Hong Kong’s grey market for iPhones has been shrinking since 2013, when the fifth generation of iPhone launched simultaneously in the city and on the mainland. Subsequent models have done the same.

Between 2007 and 2013, mainland customers who couldn’t wait were the major source of high profits for the Hong Kong resellers, who would flog the phones north of the border.

Retail prices for the iPhone X are HK$8,688 (US$1,113) and HK$9,888 (US$1,267) for the 64GB and 256GB models. The latter is the highest unit price in Apple’s history.

Cheung believed the device’s simultaneous availability at phone stores was one of the factors affecting resale margins.

Business was brisk inside the Causeway Bay store on Friday. Photo: Nora Tam

A young girl approached Cheung with an iPhone X of 256GB she bought from one of the phone stores and offered it to him for HK$20,000. Cheung replied wryly: “I have one from that [Apple] store. Would you take it for HK$15,000?”

Some resale stores in Mong Kok stopped receiving offers from traders last night
Cheung, iPhone trader

Cheung said he heard that “some resale stores in Mong Kok stopped receiving offers from traders last night”. The latest profit margin he had heard of was “merely HK$1,600”.

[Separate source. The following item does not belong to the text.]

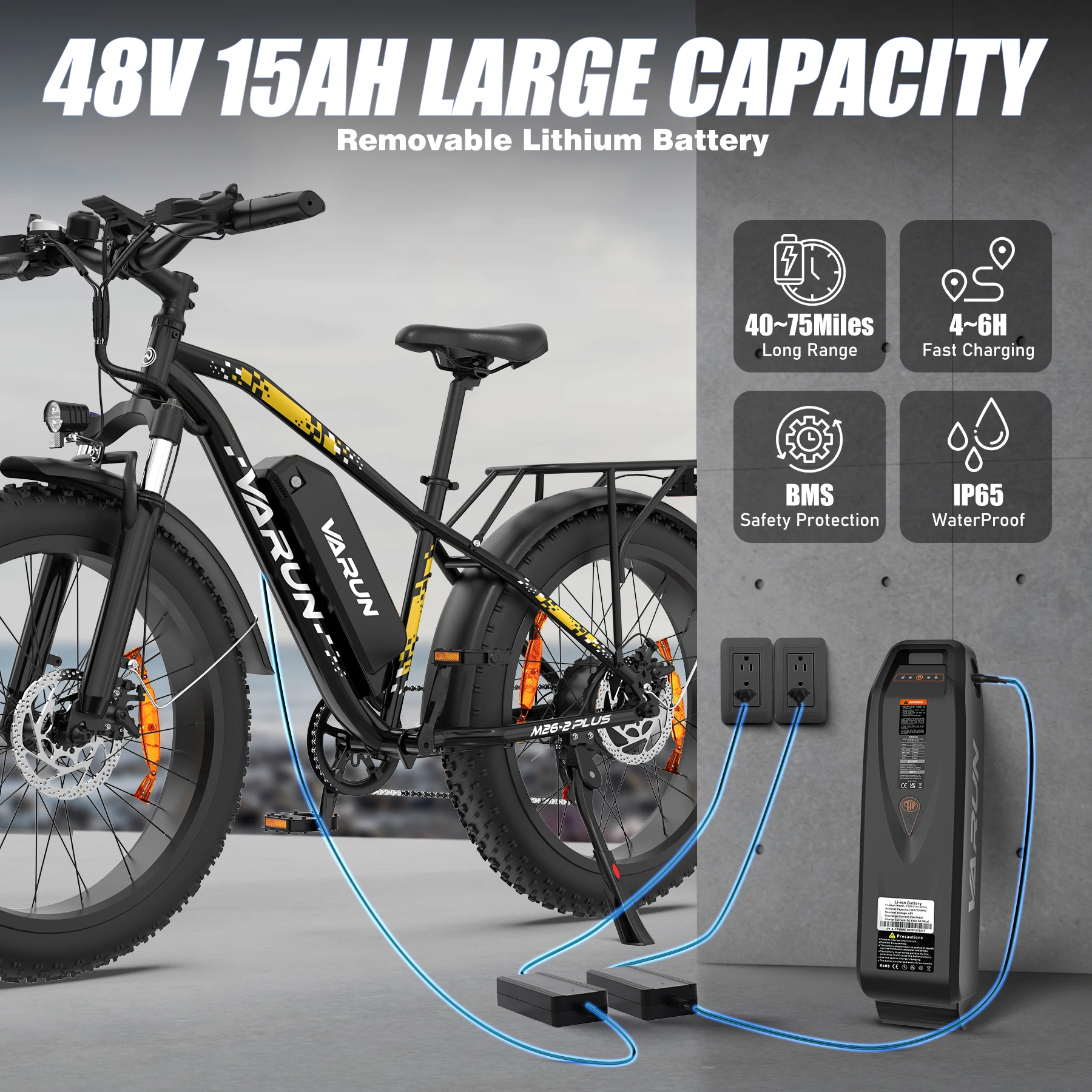 Varun M26-2 PLUS E-bike 250W Motor 48V 15Ah Removable Battery 26*4.0 Inch Fat Tire Electric Bicycle Mountain Snow Electric Bike

In contrast, a 30-year-old man surnamed Chan hoping to resell his 256GB iPhone X was more hopeful.

“At this street [in front of the Apple store], I heard offers for 64GB iPhones for HK$8,800 and the 256GB for HK$10,500,” he said.

Chan, who had asked for half a day off work to collect his phone, expressed disappointment over the street-side offers. He had expected to earn at least HK$3,000 through resale.

“Otherwise I could just keep it for myself.”

Also unlike Cheung, Chan saw nothing bad about the quickly vanishing long queue outside the store in Causeway Bay.

“A short queue means low supply,” he claimed, adding he would try a resale centre in Mong Kok later on Friday and keep an eye open for online trading groups as well.

Outside Sin Tat Plaza in Mong Kok. Photo: Nora Tam

In Mong Kok, crowds of more than 100 people packed the pedestrian area outside the electronic resale centre Sin Tat Plaza before 10am, two hours after the first batch of iPhone X debuted in the city.

However, resellers could not push the price levels beyond HK$9,000 and HK$11,000 for the two latest models. Most of the small booths in the square advertised that they were taking reservation orders and buying.

And while the gap between Hong Kong and mainland launches has closed, denting mark-ups, some traders were looking to exploit later launches further afield.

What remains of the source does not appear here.